== THE TASK ==
Once you find the line with "校园文化艺术节系列活动的评比" in the data below, transcribe exactly each line from there to the line with "Women's Art Floral", inclusive, and nothing else. Drop the pictures.

== EXCERPTED DATA ==
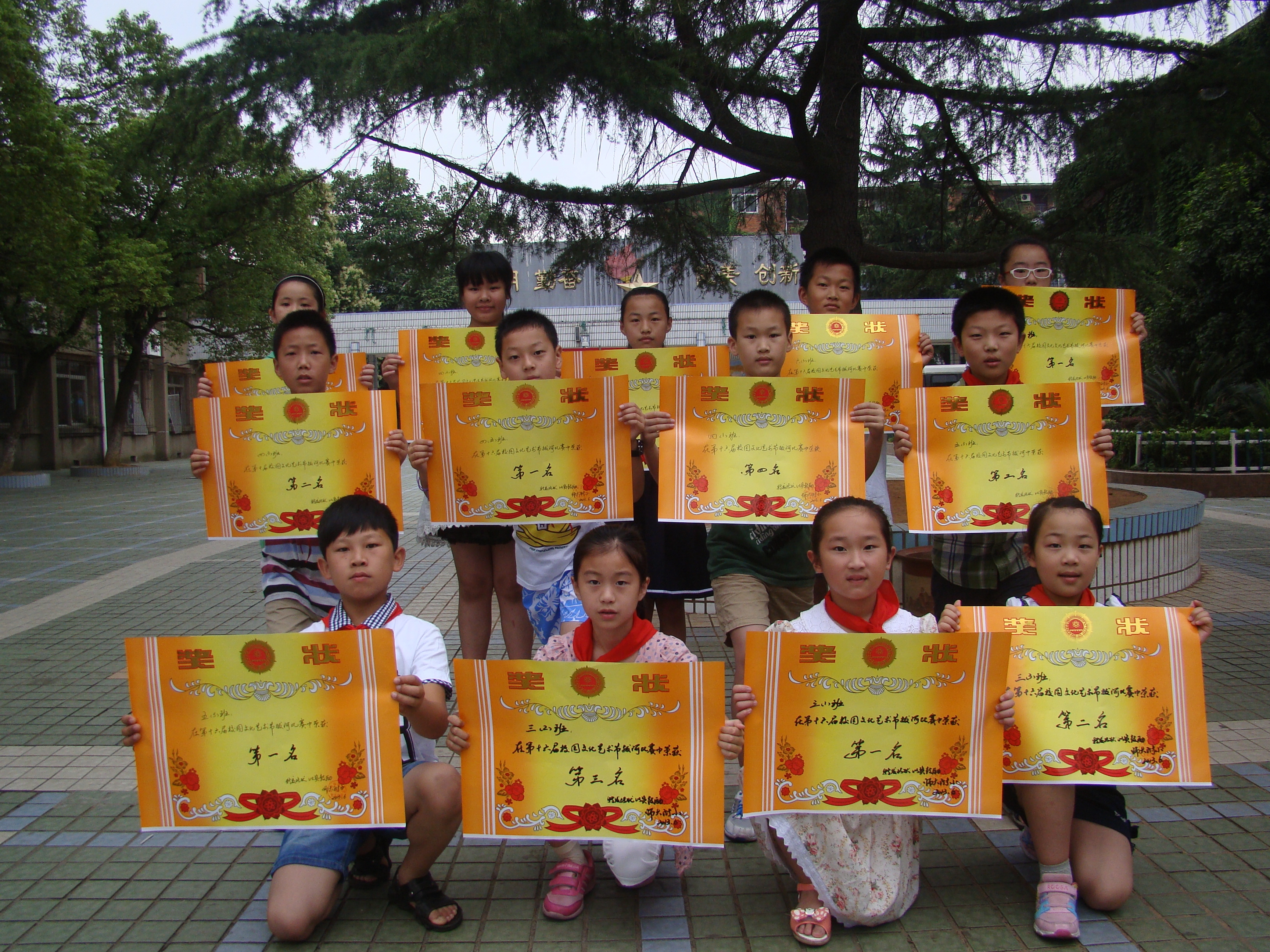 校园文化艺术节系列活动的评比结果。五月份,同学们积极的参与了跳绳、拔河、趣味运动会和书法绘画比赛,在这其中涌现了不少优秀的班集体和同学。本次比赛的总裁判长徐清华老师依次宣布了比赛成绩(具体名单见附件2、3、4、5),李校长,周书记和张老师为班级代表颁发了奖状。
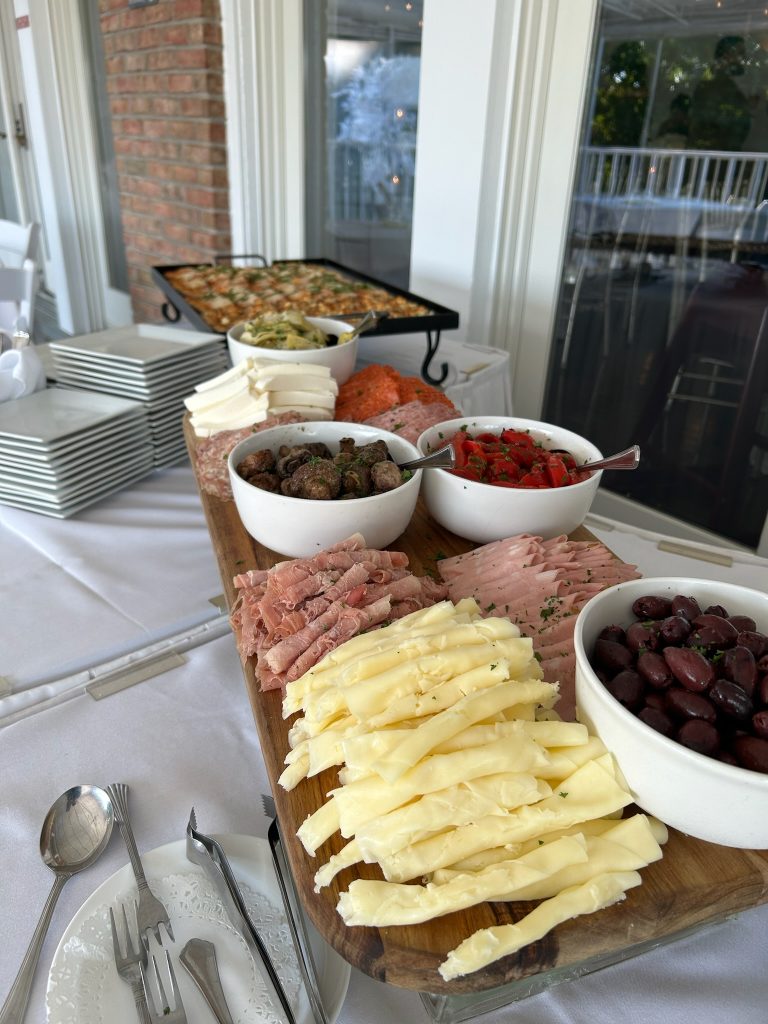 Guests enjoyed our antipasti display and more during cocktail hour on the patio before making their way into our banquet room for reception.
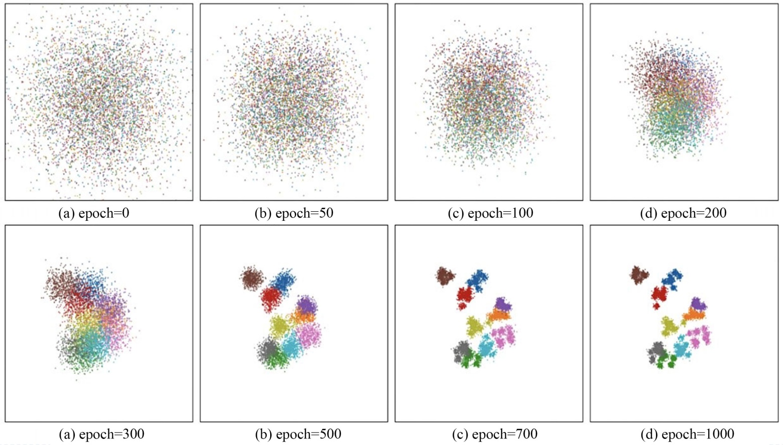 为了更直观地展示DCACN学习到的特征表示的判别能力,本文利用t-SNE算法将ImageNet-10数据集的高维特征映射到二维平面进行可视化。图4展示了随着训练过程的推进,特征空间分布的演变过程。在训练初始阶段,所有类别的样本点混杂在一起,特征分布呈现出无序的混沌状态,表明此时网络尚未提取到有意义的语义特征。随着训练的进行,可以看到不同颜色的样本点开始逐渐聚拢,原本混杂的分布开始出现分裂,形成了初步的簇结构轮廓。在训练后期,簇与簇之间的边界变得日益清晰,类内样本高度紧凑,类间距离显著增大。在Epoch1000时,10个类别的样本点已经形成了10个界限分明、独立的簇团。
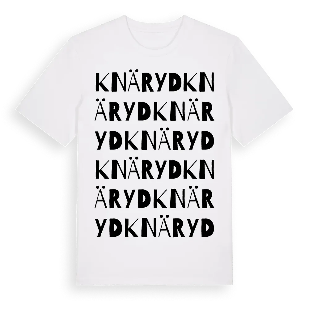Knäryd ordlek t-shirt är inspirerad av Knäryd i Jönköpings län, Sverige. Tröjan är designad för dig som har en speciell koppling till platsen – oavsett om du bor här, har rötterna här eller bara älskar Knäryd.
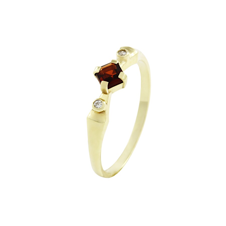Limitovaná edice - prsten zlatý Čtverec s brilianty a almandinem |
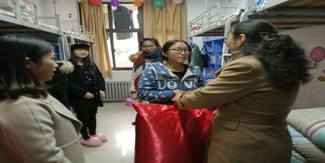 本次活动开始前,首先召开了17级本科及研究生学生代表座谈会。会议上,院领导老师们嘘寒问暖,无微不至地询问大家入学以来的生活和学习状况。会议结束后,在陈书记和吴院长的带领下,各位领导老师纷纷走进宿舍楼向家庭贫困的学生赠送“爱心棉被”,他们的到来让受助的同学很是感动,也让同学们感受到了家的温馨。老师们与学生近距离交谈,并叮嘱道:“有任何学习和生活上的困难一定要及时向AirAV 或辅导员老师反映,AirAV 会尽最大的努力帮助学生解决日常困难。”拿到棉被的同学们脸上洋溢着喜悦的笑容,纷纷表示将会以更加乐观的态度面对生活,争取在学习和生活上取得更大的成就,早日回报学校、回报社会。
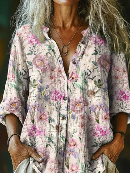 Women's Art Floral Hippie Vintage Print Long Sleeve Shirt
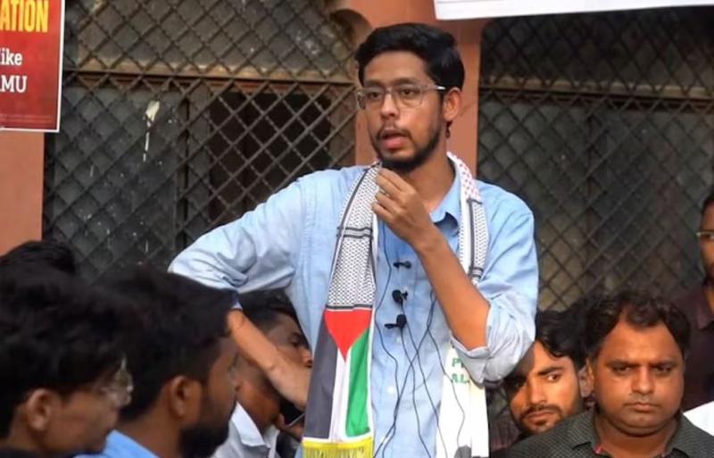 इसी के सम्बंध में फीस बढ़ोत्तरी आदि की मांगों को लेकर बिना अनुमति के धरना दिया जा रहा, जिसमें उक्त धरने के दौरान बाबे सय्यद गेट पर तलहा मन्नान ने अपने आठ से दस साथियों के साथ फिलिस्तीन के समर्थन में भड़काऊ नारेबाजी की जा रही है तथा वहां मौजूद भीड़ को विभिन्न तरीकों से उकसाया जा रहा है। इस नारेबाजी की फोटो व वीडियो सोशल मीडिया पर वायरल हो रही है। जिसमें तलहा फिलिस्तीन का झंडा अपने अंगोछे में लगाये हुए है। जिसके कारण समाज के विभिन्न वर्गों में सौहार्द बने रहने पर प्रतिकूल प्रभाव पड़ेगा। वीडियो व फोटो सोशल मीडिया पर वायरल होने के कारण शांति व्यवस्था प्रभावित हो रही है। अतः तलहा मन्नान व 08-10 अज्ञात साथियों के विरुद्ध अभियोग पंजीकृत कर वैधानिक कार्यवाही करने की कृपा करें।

---

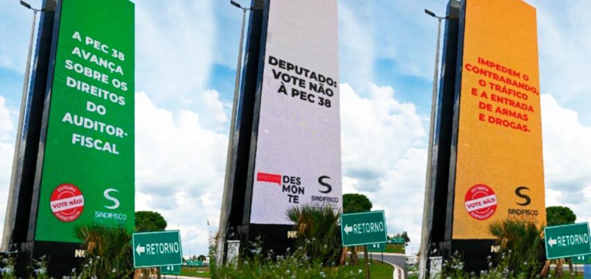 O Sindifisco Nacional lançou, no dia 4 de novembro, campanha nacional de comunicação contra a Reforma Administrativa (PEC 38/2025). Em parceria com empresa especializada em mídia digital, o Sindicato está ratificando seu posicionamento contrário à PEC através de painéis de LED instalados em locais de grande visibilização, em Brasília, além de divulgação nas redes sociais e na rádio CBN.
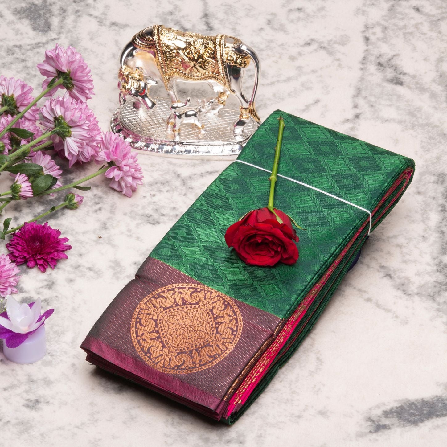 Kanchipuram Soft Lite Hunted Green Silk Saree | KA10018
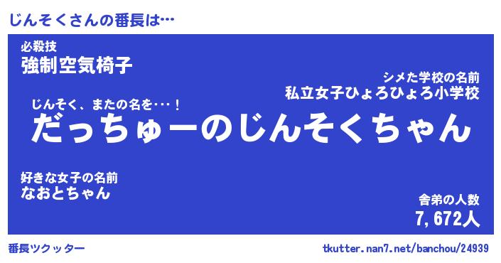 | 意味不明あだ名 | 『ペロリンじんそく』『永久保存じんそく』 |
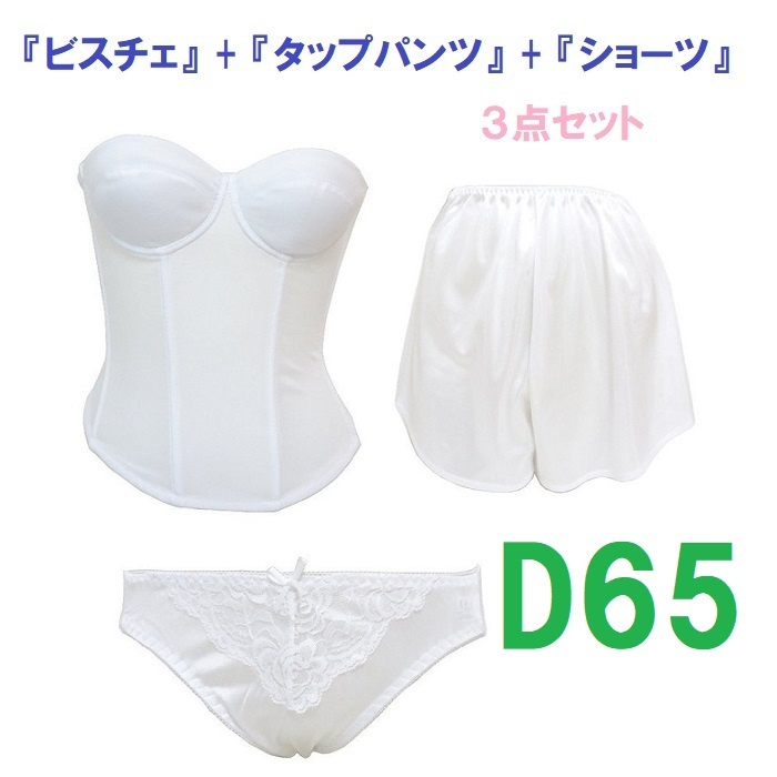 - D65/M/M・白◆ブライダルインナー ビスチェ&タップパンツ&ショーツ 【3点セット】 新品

--

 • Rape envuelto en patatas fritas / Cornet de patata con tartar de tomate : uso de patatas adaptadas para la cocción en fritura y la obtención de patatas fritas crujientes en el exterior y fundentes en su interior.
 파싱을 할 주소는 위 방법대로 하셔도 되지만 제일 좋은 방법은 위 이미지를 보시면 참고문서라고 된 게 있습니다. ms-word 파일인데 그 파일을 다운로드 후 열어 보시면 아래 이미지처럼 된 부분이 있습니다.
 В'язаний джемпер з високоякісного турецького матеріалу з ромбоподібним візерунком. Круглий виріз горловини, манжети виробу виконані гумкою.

== REPLY TO THE EXERCISE ==
 校园文化艺术节系列活动的评比结果。五月份,同学们积极的参与了跳绳、拔河、趣味运动会和书法绘画比赛,在这其中涌现了不少优秀的班集体和同学。本次比赛的总裁判长徐清华老师依次宣布了比赛成绩(具体名单见附件2、3、4、5),李校长,周书记和张老师为班级代表颁发了奖状。
 Guests enjoyed our antipasti display and more during cocktail hour on the patio before making their way into our banquet room for reception.
 为了更直观地展示DCACN学习到的特征表示的判别能力,本文利用t-SNE算法将ImageNet-10数据集的高维特征映射到二维平面进行可视化。图4展示了随着训练过程的推进,特征空间分布的演变过程。在训练初始阶段,所有类别的样本点混杂在一起,特征分布呈现出无序的混沌状态,表明此时网络尚未提取到有意义的语义特征。随着训练的进行,可以看到不同颜色的样本点开始逐渐聚拢,原本混杂的分布开始出现分裂,形成了初步的簇结构轮廓。在训练后期,簇与簇之间的边界变得日益清晰,类内样本高度紧凑,类间距离显著增大。在Epoch1000时,10个类别的样本点已经形成了10个界限分明、独立的簇团。
Knäryd ordlek t-shirt är inspirerad av Knäryd i Jönköpings län, Sverige. Tröjan är designad för dig som har en speciell koppling till platsen – oavsett om du bor här, har rötterna här eller bara älskar Knäryd.
Limitovaná edice - prsten zlatý Čtverec s brilianty a almandinem |
 本次活动开始前,首先召开了17级本科及研究生学生代表座谈会。会议上,院领导老师们嘘寒问暖,无微不至地询问大家入学以来的生活和学习状况。会议结束后,在陈书记和吴院长的带领下,各位领导老师纷纷走进宿舍楼向家庭贫困的学生赠送“爱心棉被”,他们的到来让受助的同学很是感动,也让同学们感受到了家的温馨。老师们与学生近距离交谈,并叮嘱道:“有任何学习和生活上的困难一定要及时向AirAV 或辅导员老师反映,AirAV 会尽最大的努力帮助学生解决日常困难。”拿到棉被的同学们脸上洋溢着喜悦的笑容,纷纷表示将会以更加乐观的态度面对生活,争取在学习和生活上取得更大的成就,早日回报学校、回报社会。
 Women's Art Floral Hippie Vintage Print Long Sleeve Shirt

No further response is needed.